___ INFORMATION SUPPLIED ___
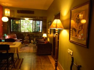 Theme : Classic Contemporary – a smart modernist theme with the best of Indian art and artifacts; Twin beds with spring mattress, attached bath & walk – in – closet, safe, Split Air – con, Flat screen TV with cable, shared Buddha Lounge, Bonsai Zen Garden & guest kitchen.
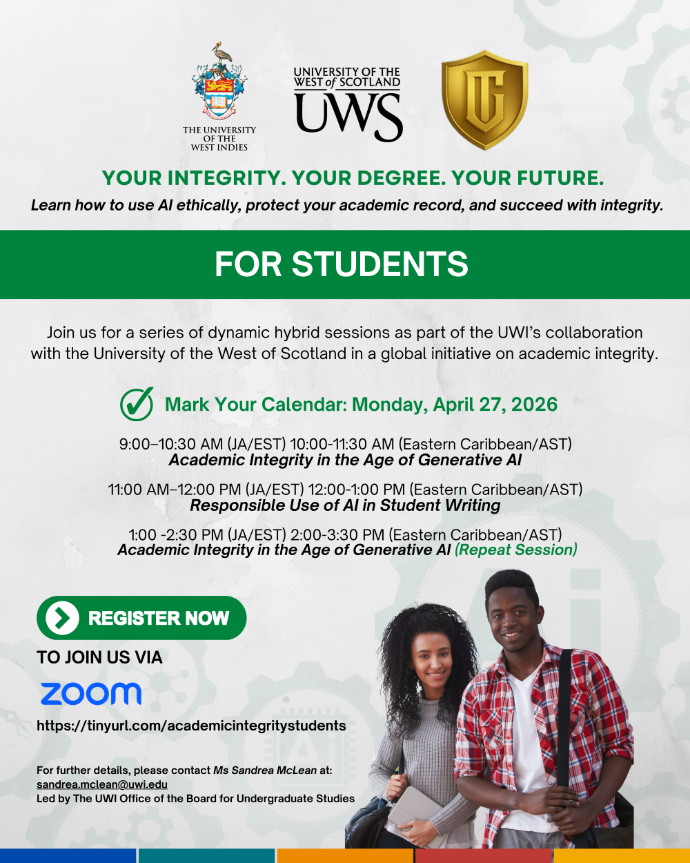 Learn how to use AI ethically, protect your academic record, and succeed with integrity. Join a series of dynamic hybrid sessions as part of The UWI’s collaboration
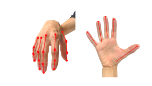 右の写真では、指の関節を示しています。
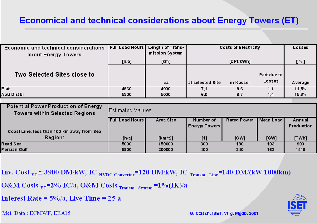 transmission systems and based on estimations for the Energy Towers - both shown below the tables - the costs of electricity are calculated for two selected sites.
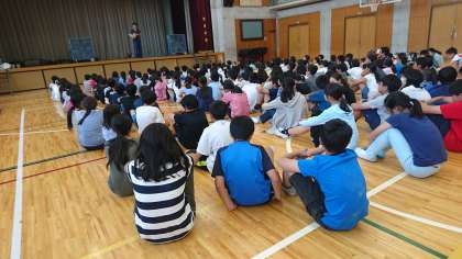 明日の運動会のために、5・6年生が運動会準備の手伝いをしました。体育館で仕事の内容を聞いた後、活動が始まりました。(5月24日)
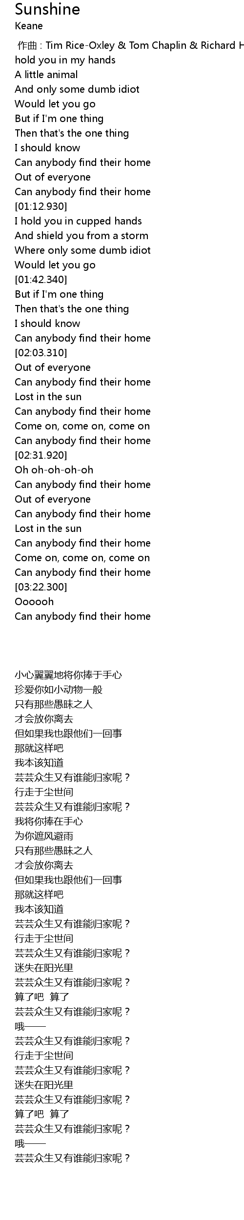 | [00:00.00] | zuò qǔ : Tim RiceOxley Tom Chaplin Richard Hughes James Sanger |
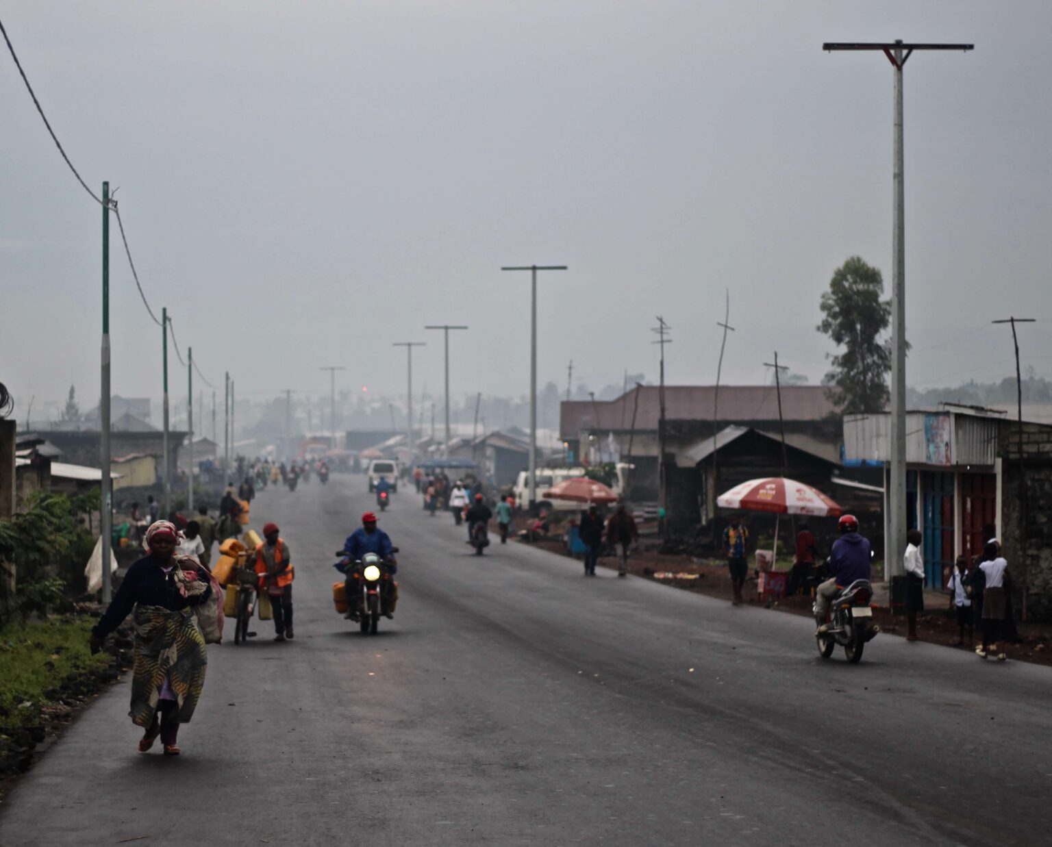Definitívne opúšťame Gomu. Pri ceste stojí tabuľa, kde je farebne vyznačená aktivita neďalekého stále aktívneho vulkánu Nyiragongo, ktorý za posledných 40 rokov dva razy pochoval mesto Goma pod vrstvu lávy, spolu s pokynmi vo francúzštine, ako postupovať pri hroziacej erupcii. Rušné ulice sa pomaly menia na ojedinelé malé obchodíky pri ceste a autá a motorky nahrádzajú unikátne drevené trojkolky. Pod úpätím sopky Nyiragongo sa asfaltová cesta mení na poľnú. S dierami do výšky kolien, blatom, mlákami a ostrými kameňmi. Prejsť nasledujúcich 30 kilometrov nám zaberá vyše hodiny, každých pár kilometrov vidíme malé stany, pred ktorými sedia dvaja – traja vojaci. Pri chaotickej politickej situácii v Kongu možno len ťažko povedať, kto je „zlý a dobrý“, pretože svoju pravdu majú aj vláda a vojaci, aj OSN, aj rebeli a povstalci. Pýtame sa teda Baracka, či vojaci nie sú nepríjemní na civilistov, prípadne turistov. „Noooo, they are good. Very stupid,“ uznanlivo odpovedá Barack.
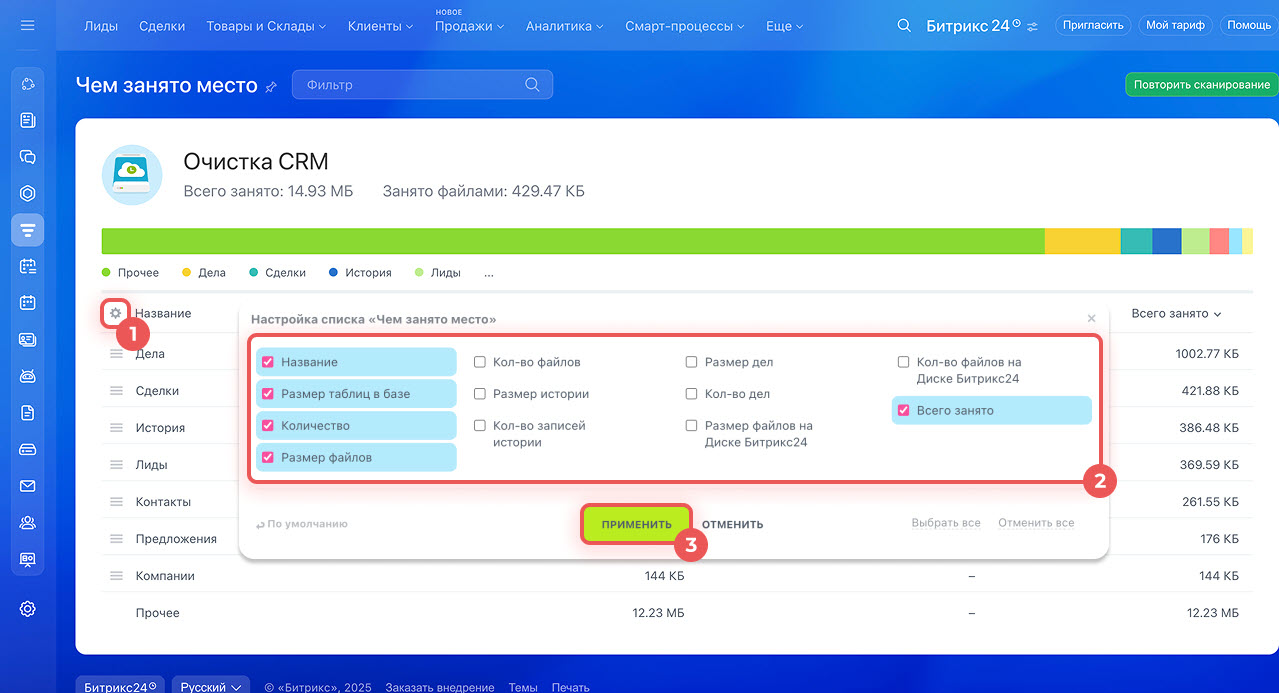 Вы можете выбрать, какие колонки показывать в таблице. Это поможет точнее определить, какие разделы занимают больше всего места, и выбрать, что очистить в первую очередь. Например, сделки с документами или лиды с делами и письмами.
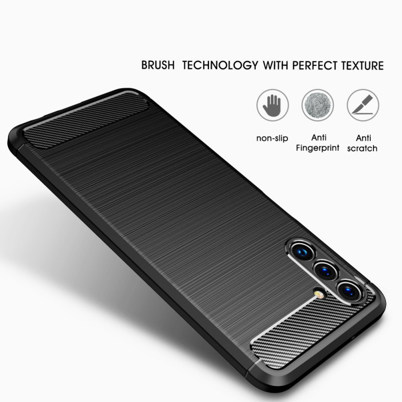 Je Samsung Galaxy A13 5G / A04s is een en al elegantie met het geborstelde koolstofvezel hoesje
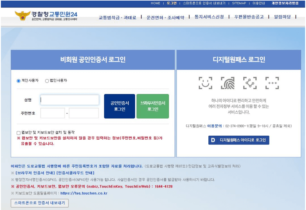 코로나 시대에 비대면 신청을 원하시는 분들 께서는 먼저 검색을 통해서나 아래의 이파인 링크를 통해 경찰청 교통민원 24(이파인) 홈페이지에 접속합니다.
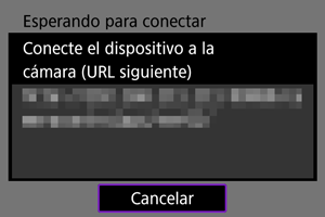 - Cuando aparezca la pantalla anterior en la cámara, utilice el smartphone, el ordenador u otro dispositivo para acceder a la URL indicada desde la aplicación desarrollada para el control de la cámara.
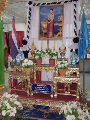 Buddha PhraLeeLa amulet made given to visitors. Altar to pay respect to the Queen.
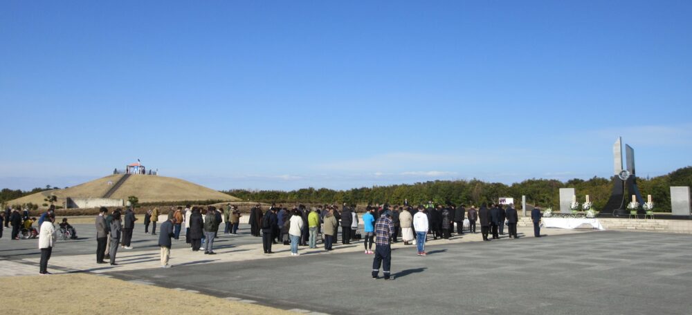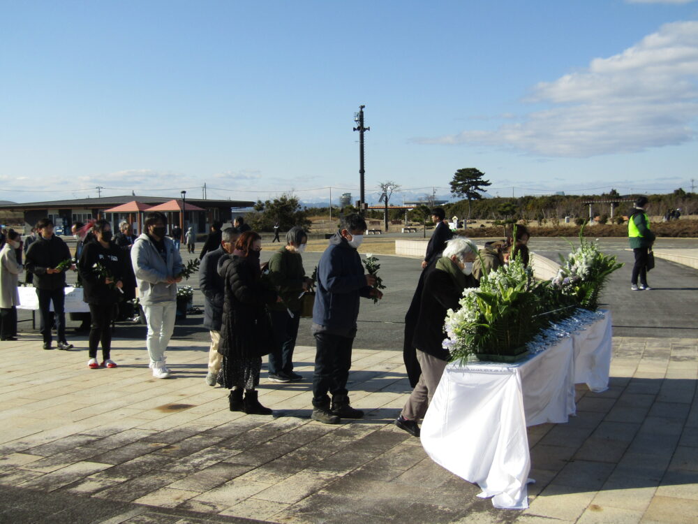 3月11日、午後10時から午後4時まで、東日本大震災で犠牲となられた方へ哀悼の意を表するため、千年希望の丘相野釜公園に献花台を設置しました。当日は自由献花方式とし、多くの皆様に静かに手を合わせていただきました。各々が震災への思いを胸に、祈りの時間を過ごされている姿が印象的でした。
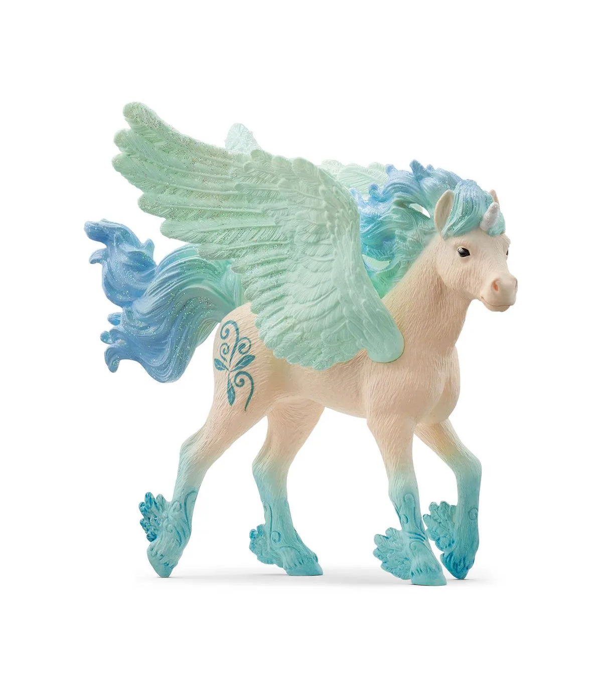 El potro unicornio Stormy despliega al viento sus grandes alas de color azul claro. ¡Este es el tiempo ideal para este potro tan temperamental! Se siente de maravilla cuando su crin de purpurina ondea con el viento en contra y la tormenta agita en todas direcciones su cola azul turquesa. A este pequeño torbellino le encantan las tormentas. Por eso no duda en hacer todo lo posible a favor de la energía eólica sostenible.
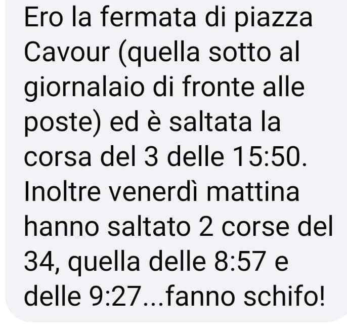 SMENTISCO categoricamente di aver messo le mani nei tempi di percorrenza delle corse bus e nei turni del Personale viaggiante! Quando ho ricevuto i dati preliminari (solo gli orari che avevano redatto) io ho solo fatto INSERIRE più corse e salvaguardare dei collegamenti che avevano tagliato!… ![]()
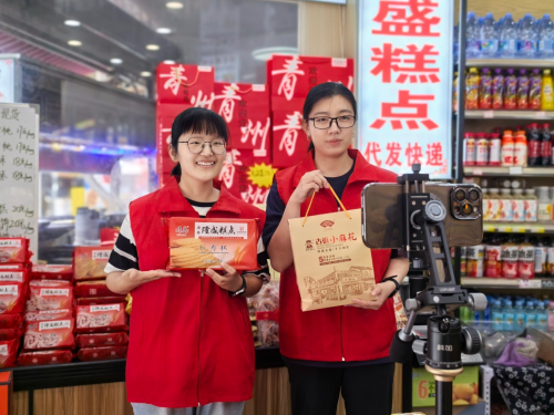 “家人们看过来!手里这款风干鸡,是咱青州传承三十年的老字号特产,肉质紧实有嚼劲,开袋就能吃;再配上这个印着鲁超赛事 Logo 的文创足球钥匙扣,既有地方味儿又有赛事范儿!” 青州市局(分公司)“青小烟”志愿服务队在古街深处的特色零售店,和店主一起进行线上直播。
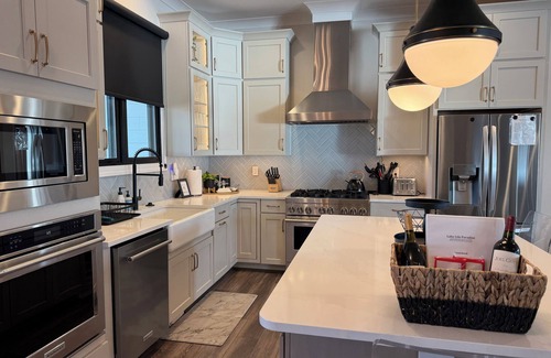 Featuring indoor and outdoor table seating for 10, a stocked kitchen, and a downstairs bar with an additional refrigerator to store drinks and extra food.
___
Could you output exactly the lines above, from the line with "Buddha PhraLeeLa amulet" up to and including the line with "El potro unicornio", and nothing else, skipping the pictures?

* **RESPONSE BOX**
 Buddha PhraLeeLa amulet made given to visitors. Altar to pay respect to the Queen.
 3月11日、午後10時から午後4時まで、東日本大震災で犠牲となられた方へ哀悼の意を表するため、千年希望の丘相野釜公園に献花台を設置しました。当日は自由献花方式とし、多くの皆様に静かに手を合わせていただきました。各々が震災への思いを胸に、祈りの時間を過ごされている姿が印象的でした。
 El potro unicornio Stormy despliega al viento sus grandes alas de color azul claro. ¡Este es el tiempo ideal para este potro tan temperamental! Se siente de maravilla cuando su crin de purpurina ondea con el viento en contra y la tormenta agita en todas direcciones su cola azul turquesa. A este pequeño torbellino le encantan las tormentas. Por eso no duda en hacer todo lo posible a favor de la energía eólica sostenible.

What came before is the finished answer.